§ Prompt:
Below are some records. Quote exactly the lines from the one that contains "Kamp hammock di" through the last, both included, and leave out the pictures.

§ Record excerpts:
....
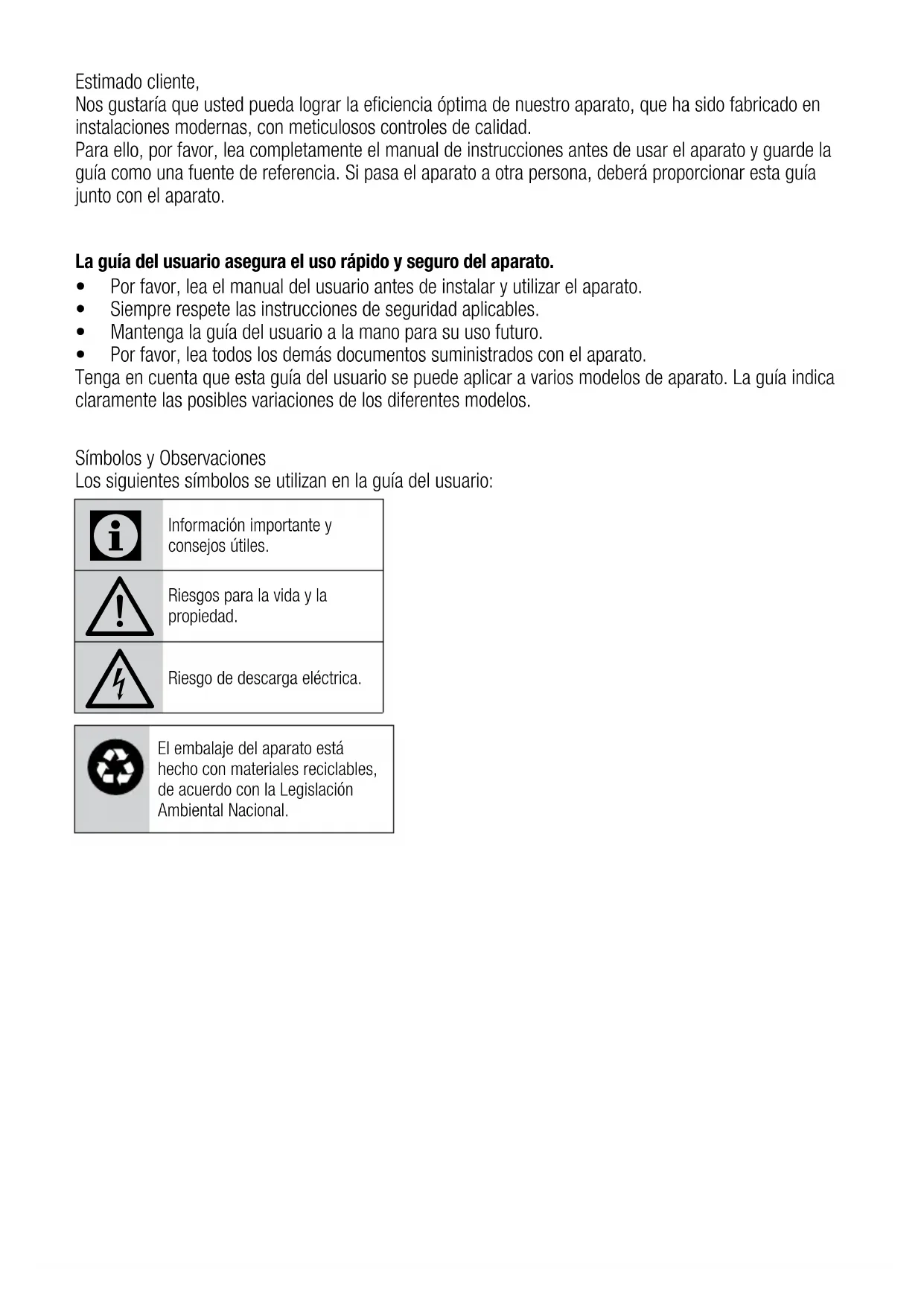 RECOMENDAÇÕES: Se os problemas persistirem depois de seguir as instruções nesta secção, contactar o seu vendedor ou uma Assistência Autorizada. Não tentar reparar o produto.Estimado cliente, Nos gustaría que usted pueda lograr la eficiencia óptima de nuestro aparato, que ha sido fabricado en instalaciones modernas, con meticulosos controles de calidad. Para ello, por favor, lea completamente el manual de instrucciones antes de usar el aparato y guarde la guía como una fuente de referencia. Si pasa el aparato a otra persona, deberá proporcionar esta guía junto con el aparato. La guía del usuario asegura el uso rápido y seguro del aparato. t Por favor, lea el manual del usuario antes de instalar y utilizar el aparato. t Siempre respete las instrucciones de seguridad aplicables. t Mantenga la guía del usuario a la mano para su uso futuro. t Por favor, lea todos los demás documentos suministrados con el aparato. Tenga en cuenta que esta guía del usuario se puede aplicar a varios modelos de aparato. La guía indica claramente las posibles variaciones de los diferentes modelos. Símbolos y Observaciones Los siguientes símbolos se utilizan en la guía del usuario:
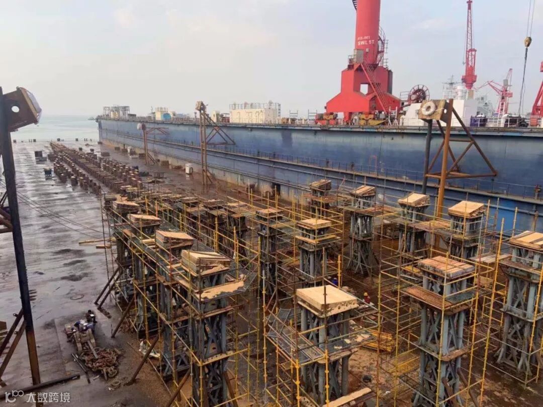 号角吹响了,技术部马上协同生产部、坞修车间反复讨论、评审安全可行的方案(包括各类工装、拖带等)。在综合考虑坞墙内净宽、全船线型无平直段、缆绳方便通过、船舶进坞及坐墩后情况变化等因素下,对船舶限位工装进行了多次探讨,前后变更了4次方案,最终达成一致意见。针对高墩报验,多方探讨合适的报验方式方法,考虑到从上而下测量墩高误差大、报验速度慢问题,他们便直接采用分段式、样板式检验方式分头获取高墩数据,提高了工作效率,减少了返工作业。
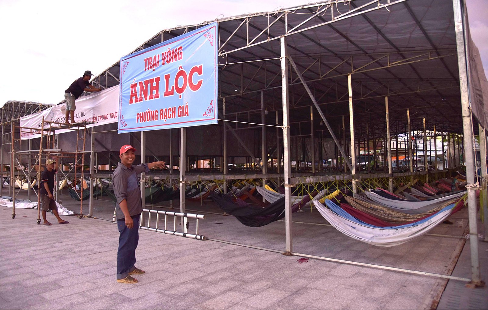 Kamp hammock di depan Kuil Peringatan Pahlawan, Martir, dan Tokoh Berjasa Provinsi di Kawasan Perkotaan Reklamasi Laut Barat Laut, Distrik Rach Gia, melayani 1.000 hammock. Foto: AN LAM
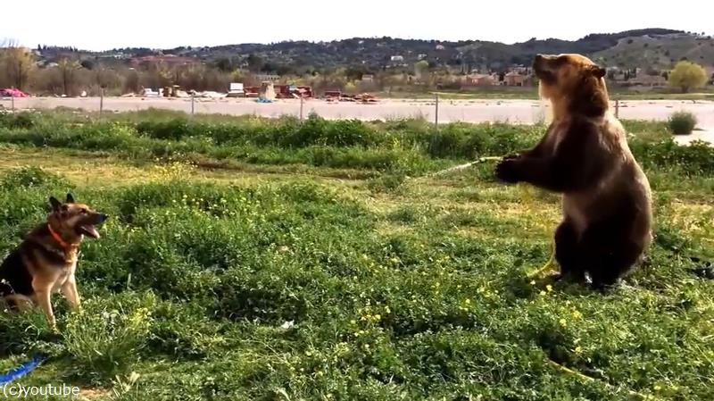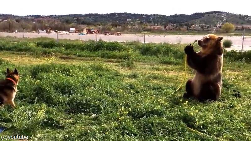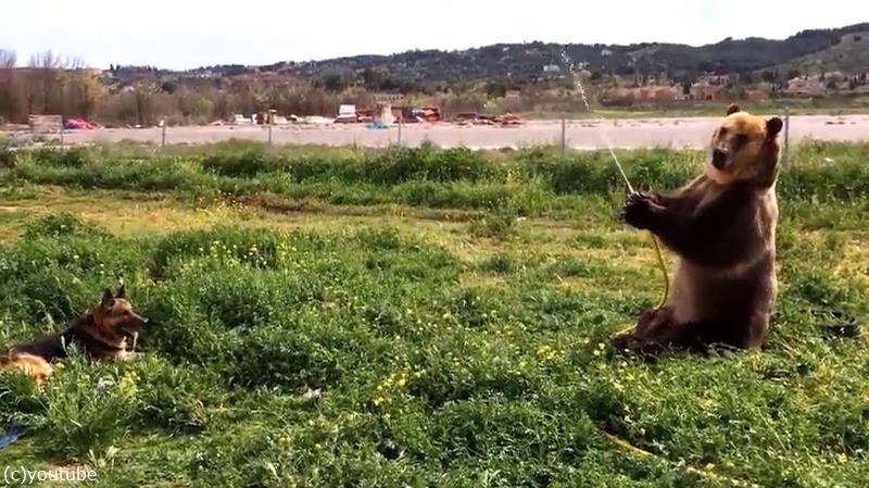 水遊びを楽しむクマと犬…とっても仲良し(動画)
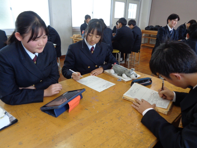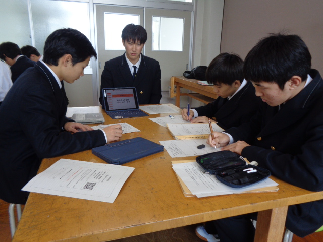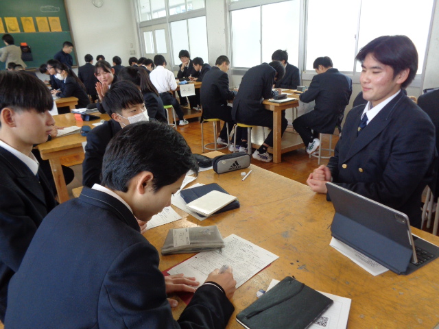 海洋科学科では、2年海洋科学科の生徒も含め、3年生の先輩から進路講話を聴講しました。さまざまなことに意欲的に取り組み実績を積み上げることの大切さや、進路に向かって学習時間を確保することなど、それぞれが自分の体験談を講話し、後輩に激励を行いました。
....
§ Exercise solution:
 Kamp hammock di depan Kuil Peringatan Pahlawan, Martir, dan Tokoh Berjasa Provinsi di Kawasan Perkotaan Reklamasi Laut Barat Laut, Distrik Rach Gia, melayani 1.000 hammock. Foto: AN LAM
 水遊びを楽しむクマと犬…とっても仲良し(動画)
 海洋科学科では、2年海洋科学科の生徒も含め、3年生の先輩から進路講話を聴講しました。さまざまなことに意欲的に取り組み実績を積み上げることの大切さや、進路に向かって学習時間を確保することなど、それぞれが自分の体験談を講話し、後輩に激励を行いました。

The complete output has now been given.